Immutep Limited (IMMP) 6-K Immutep reports positive Overall Response Rate

Exhibit 99.1

ASX/Media Release

Immutep reports positive Overall Response Rate

in its Phase II clinical trial in 1^st line NSCLC for PD-L1 all-comers

• TACTI-002 has met its primary objective for 1^st line non-small cell lung cancer (NSCLC) patients in a PD-L1 all-comer Phase II clinical trial conducted in collaboration with MSD (N=114)

• Combination of efti plus pembrolizumab shows favourable anti-tumour activity:

• Improved Overall Response Rate (ORR) by local read of 38.6% (intent to treat, 44/114 patients) and 42.7% (evaluable patients, 44/103) compared with data reported at ASCO 2021 (N=36)

• Encouraging responses observed in all PD-L1 status groups, including those patients with PD-L1 negative (TPS < 1%) and PD-L1 low (TPS 1-49%) expressing tumours who are less likely to respond to anti-PD-1 monotherapy

• Other secondary endpoints including Disease Control Rate (DCR) and interim median Progression Free Survival (PFS) continue to demonstrate improvement across all PD-L1 expression levels

• Safe and well tolerated, with a safety profile that is consistent with that observed in previously reported studies for pembrolizumab monotherapy

• Results support continued late stage clinical development of efti

SYDNEY, AUSTRALIA – 6 June 2022 – Immutep Limited (ASX: IMM; NASDAQ: IMMP) (“Immutep” or “the Company”), a biotechnology company developing novel LAG-3 related immunotherapy treatments for cancer and autoimmune disease, announces new data from 1^st line NSCLC patients (Part A) of the Phase II TACTI-002 trial evaluating Immutep’s lead product candidate, eftilagimod alpha (“efti” or “IMP321”) in combination with MSD’s anti-PD-1 therapy KEYTRUDA^® (pembrolizumab) in 114 patients.

The data was presented in an Oral Presentation at the American Society of Clinical Oncology’s (ASCO) 2022 Annual Meeting.

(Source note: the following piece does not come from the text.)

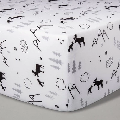 Fitted 100% Cotton Crib Sheet fits standard crib mattress 28 in x 52 in with 8-inch deep pockets and is fully elasticized for a secure fit. Sheet features a moose and mountain scatter print

TACTI-002 Principal Investigator, Dr Enriqueta Felip of Vall d’Hebron University Hospital Barcelona, Spain, said: “It is very encouraging to see the combination of efti plus pembrolizumab is showing favourable anti-tumour activity in patients with 1^st line NSCLC. These responses were deep and durable and there has also been a low patient discontinuation rate. I believe the combination of efti plus pembrolizumab warrants late stage clinical investigation.”

Immutep CSO and CMO, Dr Frederic Triebel, noted: “Our ORR by local read of 38.6% in 1^st line NSCLC patients is comparing favourably to historical results from anti-PD-1 monotherapies where response rates in PD-L1 all-comer trials are typically around 20%. We are particularly pleased to see encouraging responses across all PD-L1 status groups, showing that efti may kick start an anti-tumour immune response even in patients with no or low PD-L1 expression. In addition, the combination of efti plus pembrolizumab has a safety profile consistent with that observed in previously reported studies for pembrolizumab monotherapy. We continue to believe that efti, with its unique mechanism of action, may ultimately provide a very meaningful benefit to diverse sets of cancer patients including those with more limited treatment options.”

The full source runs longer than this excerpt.